Port the Dynamic Workflows feature (announced by Anthropic in Claude Code 2.1.160) to qwen-code as a third tier of multi-agent execution, complementary to the existing /swarm tool (#3433) and the in-progress Agent Team (#2886).

What a dynamic workflow is

A model-authored JavaScript script that runs in a sandbox and orchestrates many subagents through a small set of primitives. The model writes the script on-the-fly for the user's request; the runtime sandboxes it; subagents fan out through the existing headless-agent path; one aggregated result returns to the main conversation.

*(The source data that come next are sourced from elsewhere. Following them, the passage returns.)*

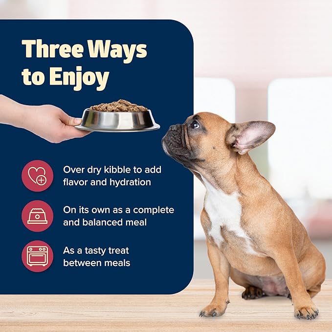 • FEED THREE WAYS: Mix this wet dog food into dry dog food, serve alone for a complete and balanced meal, or give as a tasty treat between meals
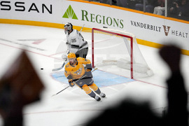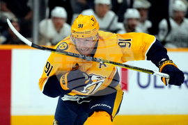 Nashville Predators center Steven Stamkos chases after the puck during the first period of an NHL hockey game between the Predators and the Los Angeles Kings Saturday, Oct. 25, 2025, in Nashville, Tenn. (AP Photo/Mark Humphrey)
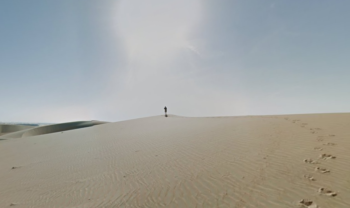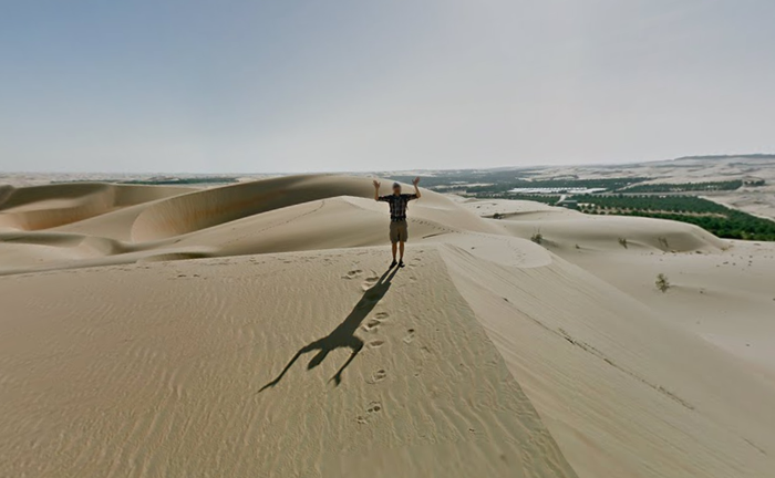 Imaginile sunt impresionante, oferind o perspectivă unică, astfel că oamenii pot vedea deşertul Liwa din Arabia exact cum l-ar vedea dacă ar sta ei pe spatele unei cămile.
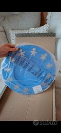 Vendo iconico vassoio rotondo della serie "Girotondo" di Alessi, disegnato dal duo King-Kong (Stefano Giovannoni e Guido Venturini). L'oggetto è un vero pezzo di storia del design italiano, caratterizzato dal celebre bordo traforato con il motivo degli"omini". Questa versione in acciaio colorato blu (resina epossidica) è una variante cromatica molto ricercata e meno comune rispetto alla classica versione silver. Include la scatola originale Alessi, nuovo mai usato, ancora nel cellophane. Diametro ca 40 cm. Materiale: accaio colorato con resina epossidica Made in Italy

The full API surface (all confirmed against upstream's published /deep-research workflow script and binary strings):

// Required first statement of every script
export const meta = {
  name: string,
  description: string,
  whenToUse?: string,
  phases?: Array<{ title: string, detail?: string, model?: string }>,
}

// Injected globals
phase(title: string): void
parallel(thunks: Array<() => Promise<T>>): Promise<Array<T | null>>
pipeline<T>(items: T[], ...stages: Array<(prev, item: T, idx: number) => Promise<any>>): Promise<any[]>
agent(prompt: string, opts?: {
  label?: string, phase?: string, schema?: object,
  model?: string, isolation?: 'worktree' | 'remote', agentType?: string,
}): Promise<any>
log(message: string): void
workflow(nameOrRef: string | { scriptPath: string }, args?: any): Promise<any>

args: any
budget: { total: number | null, spent(): number, remaining(): number }

// Stubbed (throw) to guarantee resume determinism
Date.now(), new Date(), Math.random()

Concrete example from Anthropic's shipped /deep-research workflow:

phase('Scope')
const scope = await agent('Decompose this research question into 5 search angles...', { schema: SCOPE_SCHEMA })

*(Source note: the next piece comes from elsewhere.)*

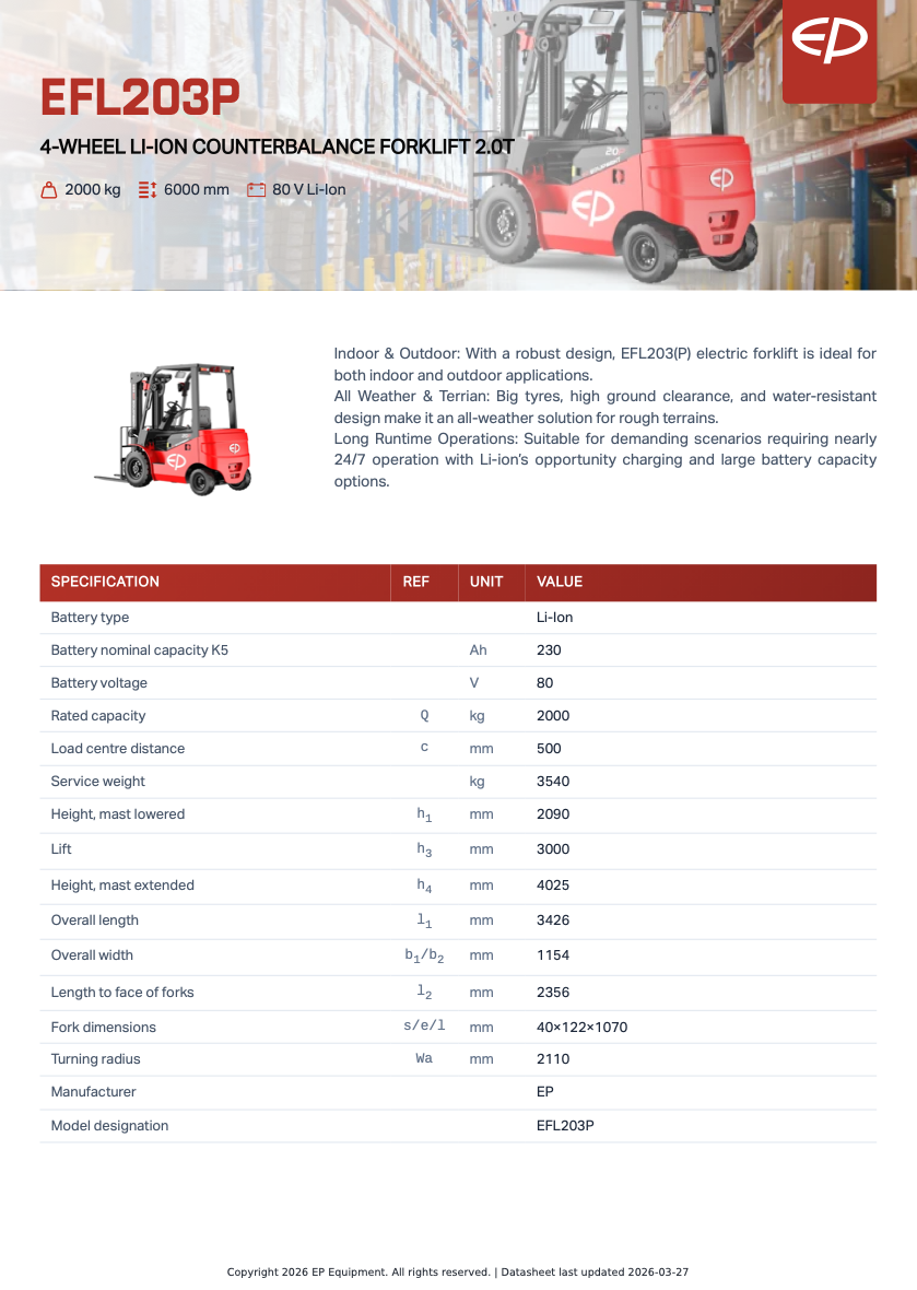 EFL203P är en elektrisk motviktstruck / gaffeltruck framtagen för verksamheter som kräver hög drifttid, robust konstruktion och maximal flexibilitet. Med en lyftkapacitet på 2000 kg och möjlighet till stora batterikonfigurationer är den idealisk för lager, industri, bygg och tung internlogistik.

const searchResults = await pipeline(
  scope.angles,
  angle => agent(SEARCH_PROMPT(angle), { phase: 'Search', schema: SEARCH_SCHEMA }),
  searchResult => parallel(novelUrls(searchResult).map(src => () =>
    agent(FETCH_PROMPT(src), { phase: 'Fetch', schema: EXTRACT_SCHEMA }))),
)

phase('Verify')
const voted = await parallel(rankedClaims.map(claim => () =>
  parallel(Array.from({ length: 3 }, (_, v) => () =>
    agent(VERIFY_PROMPT(claim, v), { phase: 'Verify', schema: VERDICT_SCHEMA })))
    .then(verdicts => ({ ...claim, survives: verdicts.filter(v => v.refuted).length < 2 }))))

phase('Synthesize')
const report = await agent('Merge confirmed claims; write report...', { schema: REPORT_SCHEMA })
return { question, ...report }

Triggers

Four invocation paths matching upstream:

  1. Keyword in prompt — including the word workflow in a single-turn user prompt opts that turn into a workflow.
  2. /effort ultracode (session-only mode) — once enabled, the model auto-spawns workflows for substantive turns until session ends.
  3. Saved slash command — workflow scripts at .qwen/workflows/ (project) or ~/.qwen/workflows/ (user) are surfaced as slash commands (the /deep-research invocation style).
  4. Direct Workflow tool call by the model with inline script or name.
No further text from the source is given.